The correlation heatmap of soil properties, carbon components, and cbbL bacterial community diversity was presented in Figure 5. It indicated that the Observed species index was significantly positively correlated with MBC content (p < 0.05), while the Shannon index was significantly negatively correlated with DOC content (p < 0.05). Additionally, the Simpson index demonstrated a significant negative correlation with MBC content (p < 0.05; Supplementary Figure S2). The Mantel test further indicated that soil OC and MBC were significantly negatively correlated with cumulative soil carbon mineralization (p < 0.05). Soil pH was significantly negatively correlated with the TP content (p < 0.05). Moreover, significant positive correlations were observed between SCL and SAI activities and between SCL and SAI with SSC activity (p < 0.05; Figure 5).

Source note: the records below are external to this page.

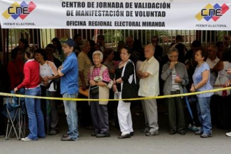 Miles de venezolanos hacían enormes filas este lunes en colegios, estadios, bibliotecas y sedes del árbitro electoral para validar las firmas que suscribieron para pedir la activación de un referendo para revocar el mandato del presidente Nicolás Maduro.El proceso es un paso más en el largo camino que debe recorrer la oposición para que sea celebrada una consulta popular sobre el futuro de Maduro, cuyo mandato termina en enero del 2019 y a quien acusan de llevar al país a una aguda crisis.La presidenta del Consejo Nacional Electoral (CNE), Tibisay Lucena, informó hace dos semanas que de las casi dos millones de firmas que recogió la oposición en mayo para convocar al revocatorio, unas 605.000 fueron invalidadas.Esto generó el rechazo airado de los principales líderes de la oposición, entre ellos del ex candidato presidencial Henrique Capriles, cuya firma fue excluida.A pesar de la masiva exclusión, quedaron habilitados para validar sus firmas 1,3 millones de ciudadanos de los casi 200.000 necesarios para activar el mecanismo de consulta popular permitido por la Constitución venezolana."Estoy en esta cola porque la situación es insoportable, no queremos esta vida para Venezuela", dijo Marina Serrano, una jubilada de 72 años en una larga fila en la ciudad de San Cristóbal, en el occidente del país. "Sufro de artrosis, pero no me importa, estoy aquí sentadita".La oposición reclamó que el CNE colocó los 128 puntos para validar las firmas en zonas alejadas de las principales ciudades con el objeto de desmovilizar a la población. A pesar de ello y de la lluvia, miles de venezolanos acudían a verificar sus datos filiatorios.La validación continuará hasta el viernes, luego de lo cual el CNE tiene hasta el 26 de julio para revisar las firmas.Largo procesoSegún la oposición, el CNE está dilatando el referéndum para que no se realice este año, ya que la Constitución estipula que si Maduro es revocado a partir del 2017 será su vicepresidente quien asuma su mandato y no se realizarían nuevas elecciones.De proceder la validación, la oposición deberá reunir 3,9 millones de firmas en no más de tres días. En el caso de lograrlo, el CNE tiene 15 días para revisarlas, pudiendo rechazarlas y solicitar nuevas firmas, como ocurrió cuando la oposición intentó revocar al fallecido Hugo Chávez en el 2004.Si el CNE considera que se ha alcanzado el número requerido de firmas y huellas, debe convocar al referéndum dentro de los siguientes 90 días. Para que el mandato de Maduro se considere revocado deben votar a favor de su salida igual o mayor número de electores de los que lo escogieron en el 2013: 7,5 millones.La oposición culpa al gobernante socialista de ser el principal responsable de la crisis que sufre Venezuela, con la inflación más alta del mundo, recesión económica y escasez de alimentos y medicinas."Quiero que salga Maduro. Ya está bueno de tanto engaño", se quejó María Luisa Caballero, una ama de casa de la ciudad de Maracaibo, en el oeste del país.Por su parte, el mandatario de 53 años, quien dijo recientemente que el revocatorio no se realizará este año, acusa a sus adversarios de fraguar una "guerra económica" con el fin de sembrar el caos y tomar el poder por la fuerza.Fuente: Medios Digitales
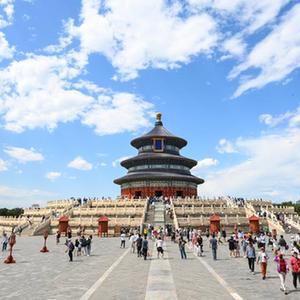6月9日,游客在藍天白云下的天壇祈年殿游覽。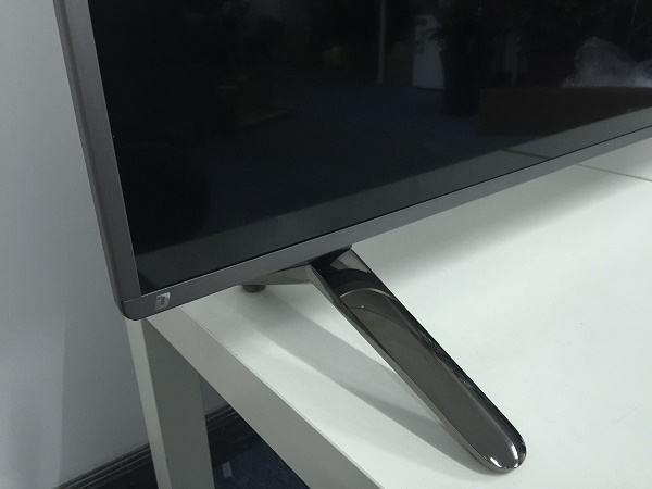 电视下方的站脚对外一侧采用了高亮的光滑表面处理,大麦电视的“D”字Logo被低调的设置在屏幕的左下方。

*Metal test heatmap of soil physicochemical properties, carbon composition and carbon-convertase activity with cbbL bacterial community. p < 0.05.
Structural equation model analysis
3.4.2
Figure 6 presented the result of Structural Equation Modeling (SEM) analysis. SEM revealed that the application of corn straw exerted a significant positive influence on soil carbon-converting enzyme activities (p < 0.01) and on the SOC mineralization (p < 0.05; Figure 6). In contrast, straw-derived biochar significantly enhanced the structure of the cbbL bacterial community (p < 0.01) but negatively affected the activity of carbon-converting enzymes (p < 0.01; Figure 6). Additionally, soil physicochemical properties had a significant positive effect on enzyme activities (p < 0.01), which positively influenced soil carbon components (p < 0.01). Notably, the accumulation of soil carbon components exhibited a significant negative effect on SOC mineralization (p < 0.01), indicating a suppressive feedback mechanism within the soil carbon cycle (Figure 6).
*Structural equivalence model (SEM) analyze the direct and indirect effects of SOC mineralization on the application of corn straw and straw-derived biochar. Red solid arrows indicate significant paths. Black arrows represent tested, but not significant paths. The arrow width is proportional to the strength of the relationship. Goodness-of fit statistics for the model are shown below the model. *p < 0.05, *p < 0.01.
Discussion
4
Effects of different proportions of corn straw and straw-derived biochar on soil carbon fractions
4.1
In the context of soil fertility assessment, although active organic carbon fractions, such as LOC, DOC, and MBC, comprise only a small proportion of total soil OC, they are more sensitive indicators of OC dynamics (Yu et al., 2007). LOC demonstrates a high sensitivity to environmental fluctuations and is closely associated with soil functional properties (Zhang et al., 2014b). DOC serves as a mobile carbon source and an essential energy source for microbial activity, playing a pivotal role in biogeochemical cycling of soil carbon (Cressey et al., 2018). MBC represents the most dynamic component of soil organic matter, reflecting both microbial abundance and metabolic potential (Moura et al., 2018). Collectively, variations in these fractions indicate changes in the stability and turnover of soil OC (Shu et al., 2023). Straw return practices generally improve soil structure and promote carbon sequestration, thereby altering the composition of soil organic carbon fractions (Six et al., 2000). In this study, although the application of corn straw or straw-derived biochar alone did not significantly influence the soil OC content, their co-application resulted in a substantial increase (Table 2), which partially diverges from previous findings, likely because of the differences in straw type, incorporation timing, and soil characteristics (Six et al., 2000; Cressey et al., 2018; Moura et al., 2018; Shu et al., 2023; ElDesouki et al., 2024; Li et al., 2025; Yuan et al., 2025). In terms of active soil organic carbon fractions, our results indicated that the application of varying proportions of corn straw and straw-derived biochar did not significantly affect the soil LOC content in the degraded black soil area. However, their co-application significantly increased DOC and MBC levels, except in the treatment with a 1:3 corn straw to biochar ratio (Table 2). These findings suggested that the co-application provided a more bioavailable and readily utilizable carbon source, thereby enhancing microbial biomass. This increase in microbial activity may contribute to the observed increase in total soil organic carbon following the combined application of corn straw and straw-derived biochar.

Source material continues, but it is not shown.